[[ DATASET EXTRACT, beginning ]]

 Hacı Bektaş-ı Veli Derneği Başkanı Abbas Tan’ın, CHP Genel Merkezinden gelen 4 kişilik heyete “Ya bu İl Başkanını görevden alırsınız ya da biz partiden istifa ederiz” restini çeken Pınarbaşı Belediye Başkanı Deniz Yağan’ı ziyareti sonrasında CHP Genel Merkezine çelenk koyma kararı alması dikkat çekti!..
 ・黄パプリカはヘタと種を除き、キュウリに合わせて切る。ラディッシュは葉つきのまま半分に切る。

[[ DATASET EXTRACT, end ]]
[[ DATASET EXTRACT, beginning ]]

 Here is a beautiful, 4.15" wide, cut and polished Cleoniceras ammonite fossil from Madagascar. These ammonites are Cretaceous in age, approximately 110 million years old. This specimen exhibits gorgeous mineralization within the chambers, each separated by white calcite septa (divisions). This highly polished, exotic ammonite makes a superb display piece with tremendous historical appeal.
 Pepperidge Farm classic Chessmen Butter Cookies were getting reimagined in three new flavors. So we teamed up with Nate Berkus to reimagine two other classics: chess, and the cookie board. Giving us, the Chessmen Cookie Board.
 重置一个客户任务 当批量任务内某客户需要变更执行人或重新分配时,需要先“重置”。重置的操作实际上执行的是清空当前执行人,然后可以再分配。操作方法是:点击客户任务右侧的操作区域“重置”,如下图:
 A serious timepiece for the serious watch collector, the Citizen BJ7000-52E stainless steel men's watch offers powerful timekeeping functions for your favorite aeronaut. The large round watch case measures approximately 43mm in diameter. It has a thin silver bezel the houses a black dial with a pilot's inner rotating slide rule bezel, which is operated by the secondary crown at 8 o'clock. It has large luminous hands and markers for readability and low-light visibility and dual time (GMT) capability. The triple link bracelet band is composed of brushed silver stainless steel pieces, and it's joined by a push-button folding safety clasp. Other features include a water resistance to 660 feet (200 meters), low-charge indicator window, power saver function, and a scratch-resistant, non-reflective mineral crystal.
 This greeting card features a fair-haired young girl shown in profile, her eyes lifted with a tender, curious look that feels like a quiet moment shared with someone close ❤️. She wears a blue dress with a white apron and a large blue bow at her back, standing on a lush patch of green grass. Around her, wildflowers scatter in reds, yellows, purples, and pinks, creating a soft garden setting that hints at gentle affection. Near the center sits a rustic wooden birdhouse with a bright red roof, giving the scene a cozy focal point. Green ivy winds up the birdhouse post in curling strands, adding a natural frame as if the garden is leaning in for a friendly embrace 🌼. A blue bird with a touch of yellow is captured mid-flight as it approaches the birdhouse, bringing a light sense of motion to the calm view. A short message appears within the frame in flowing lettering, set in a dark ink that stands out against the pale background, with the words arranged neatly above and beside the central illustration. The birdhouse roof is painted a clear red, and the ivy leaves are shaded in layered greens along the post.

[[ DATASET EXTRACT, end ]]

**TASK ITEM**
Go through the material and copy each line in which the word "approximately" occurs.

**SOLUTION**
 Here is a beautiful, 4.15" wide, cut and polished Cleoniceras ammonite fossil from Madagascar. These ammonites are Cretaceous in age, approximately 110 million years old. This specimen exhibits gorgeous mineralization within the chambers, each separated by white calcite septa (divisions). This highly polished, exotic ammonite makes a superb display piece with tremendous historical appeal.
 A serious timepiece for the serious watch collector, the Citizen BJ7000-52E stainless steel men's watch offers powerful timekeeping functions for your favorite aeronaut. The large round watch case measures approximately 43mm in diameter. It has a thin silver bezel the houses a black dial with a pilot's inner rotating slide rule bezel, which is operated by the secondary crown at 8 o'clock. It has large luminous hands and markers for readability and low-light visibility and dual time (GMT) capability. The triple link bracelet band is composed of brushed silver stainless steel pieces, and it's joined by a push-button folding safety clasp. Other features include a water resistance to 660 feet (200 meters), low-charge indicator window, power saver function, and a scratch-resistant, non-reflective mineral crystal.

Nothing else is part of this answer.